Под балдахином из редкостных тканей и легких шелков Потемкин передал своей владычице письмо, написанное его собственною рукою.
«Прошу тебя, Матушка, взирай на это место — здесь твоя слава принадлежит тебе одной, и ты не делишь ее с предшественниками. Здесь ты не идешь по чьим-либо чужим стопам. Я целую твои руки. Твой самый верный раб. Князь Потемкин».
Екатерина, видев бесчисленные города, выраставшие из земли, предоставив свою флотилию ветрам Черного моря, возвращалась потихоньку в Петербург, сияя от приготовленного ей триумфа, который поразил всю Европу. С каждой остановки, где ждала подстава лошадей, она писала Потемкину, называя его то «мой золотой фазан», то «голубчик», то «верный мой пес» — весь этот зверинец затрепанных любовных слов служил ей для выражения ее признательности.

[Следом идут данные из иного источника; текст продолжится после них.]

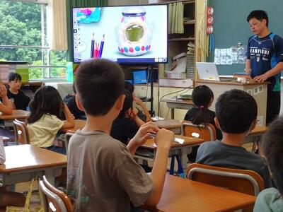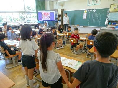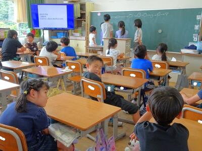 【4・5・6・7組】1枚目の写真は、国語の学習の様子です。「スイミー」の実際の世界のイメージをつかむために、大型提示装置で海の中の様子を観察しています。
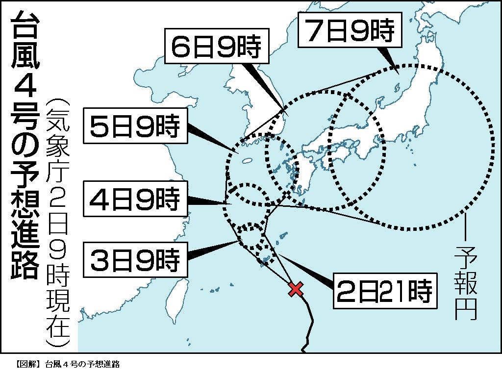 4号は4日に東シナ海を北上し、5日は対馬海峡付近を日本海へ抜けるか、九州に接近、上陸する見込み。東寄りに進んだ場合は6日にかけて西日本を横断する可能性もある。
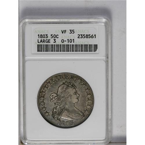 1803 50C Large 3 VF35 ANACS. O-101, R.3. Choice for th
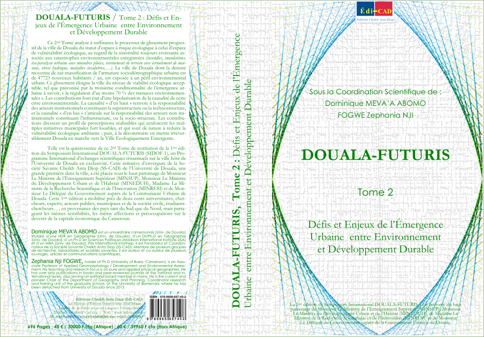 Telle est la quintessence de ce 2nd Tome de restitution de la 1ère édition du Symposium International DOUALA-FUTURIS (SIDOF-1), un Programme International d’échanges scientifiques trisannuels sur la ville hôte de l’Université de Douala en exclusivité. Cette initiative d’envergure de la Société Savante Cheikh Anta Diop (SS-CAD) de l’Université de Douala, une grande première dans la ville, a été placée sous le haut parrainage de Monsieur Le Ministre de l’Enseignement Supérieur (MINSUP), Monsieur Le Ministre du Développement Urbain et de l’Habitat (MINEDUH), Madame La Ministre de la Recherche Scientifique et de l’Innovation (MINRESI) et de Monsieur Le Délégué du Gouvernement auprès de la Communauté Urbaine de Douala. Cette 1ère édition a mobilisé près de deux cents universitaires, chercheurs, experts, acteurs publics, municipaux et de la société civile, étudiants-chercheurs…, en provenance des pays tant du Sud que du Nord, mais partageant les mêmes sensibilités, les même affections et préoccupations sur le devenir de la capitale économique du Cameroun.

Проехав 16 тысяч верст по тряской дороге, эта женщина не чувствовала усталости. Мамонов был разбит: ничто не утомляет так, как любовь против воли. Он всегда стыдился своей обязанности при императрице и тяготился ею, как и Ланской; ему было противно ласкать ее, и он всеми силами пытался отделаться от нее, отговариваясь то усталостью, то нездоровьем. Вернувшись в Петербург, он с первого же взгляда влюбился до безумия в молоденькую фрейлину, красавицу Щербатову, которая приветствовала императрицу глубоким поклоном, стоя на площадке дворца.